A History of the Term "Homesteader"
I’m beginning this channel out of a series of questions I have had about the homesteading movement. And I believe the best place to start may be by defining the term ‘homesteader’.
‘Homesteader’ is a word that means different things to different people, its definition broad and fluctuating, and outside of our community people have many (often unflattering) assumptions about what the word says about the people who use it.
The term comes from The Homestead Act, signed by President Abraham Lincoln in 1862, granting every US citizen aged 21 or older and a head of household 160 acres for a minimal filing fee. It was intended to fulfill Lincoln’s wishes that “…the wild lands of the country should be distributed so that every man should have the means and opportunity of benefiting his condition.”
Once granted the land, the only stipulation for the new homesteader was to improve what they had been given. The homesteader was to farm the land continuously for five years and build a home there. Praised by President John F. Kennedy in 1962 as “probably the single greatest stimulus to national development ever enacted”, the Homestead Act was responsible for 270 million acres or 10%, of the American West being settled by more than 2 million homesteaders.
The use of the word homesteader rose steadily throughout the late 1800s and early 1900s, though today we tend to use words like “settler” and “pioneer” to refer to those that went West during that time. Just as today, the word would illicit a different emotional response depending on your audience. To the cowboys already adventuring in the “wild west” the word homesteader was used a bit like “welfare queen” was in the 1990s — someone using a government handout to get what the cowboys considered themselves to have worked for. To many Eastern audiences, a homesteader was synonymous both with dreams and with loss, a path taken by those with stars in their eyes that almost inevitably ended in tragedy.
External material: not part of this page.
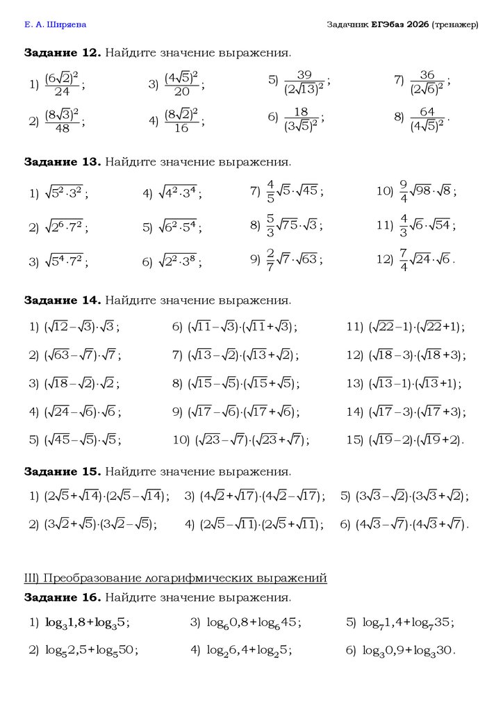 Е. А. ШиряеваЗадачник ЕГЭбаз 2026 (тренажер)
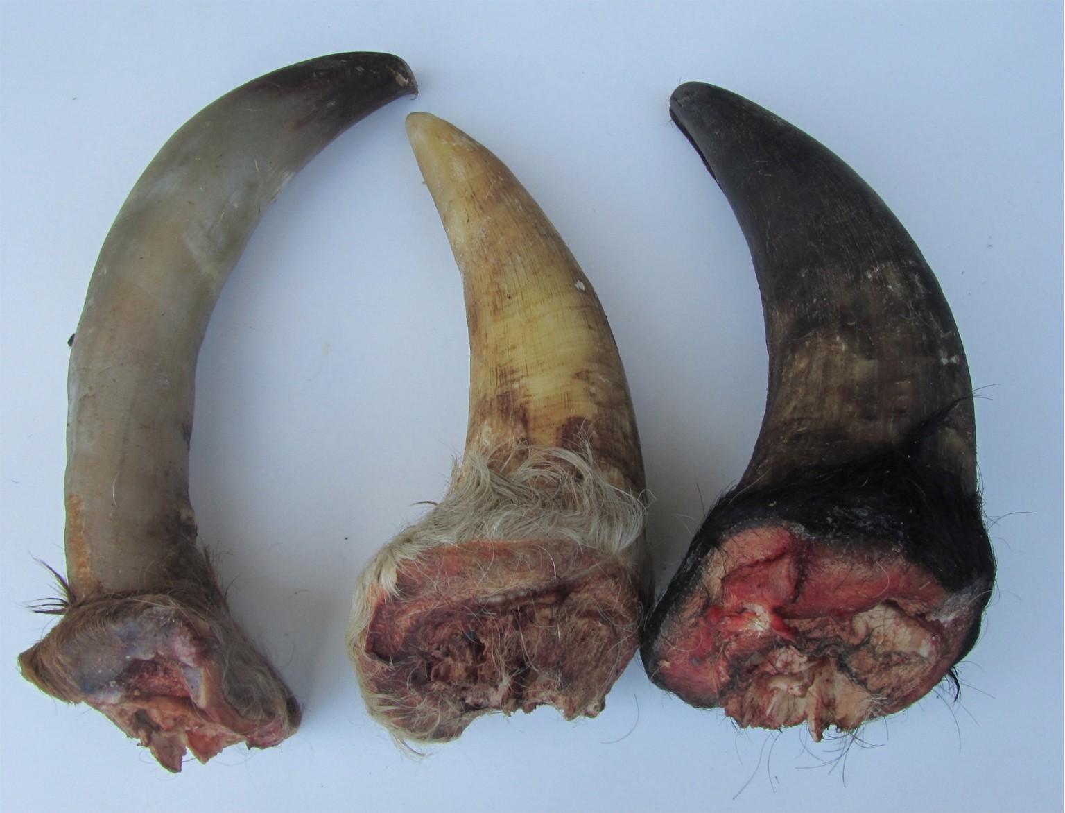 Rinderhorn Kuhhorn Kauhorn Horn (tiefgefroren) mit Fell

And to others, it meant the ultimate freedom:
He gives to the soil all of the strength of the years;
The soil springs to life at his hand,
And slowly the desolate waste disappears,
And bounties from God crown the land.
With those he may cherish and love,
The homesteader watches the comforts increase
Which are showered on him from above.
— from the 1914 poem “The Homesteader” by Earl Alonzo Brimstool
This western migration of homesteaders and their apparent rights to 160 acres also chipped away at what little land the United States government had left to the Native Americans, who no doubt did not care if they were homesteaders, settlers, or pioneers — they were simple land thieves. American Indians were among a very small group of people who could not take advantage of the Act, which remarkably for the time allowed women, widows, and African Americans as well as anyone who was pursuing US citizenship the right to homestead.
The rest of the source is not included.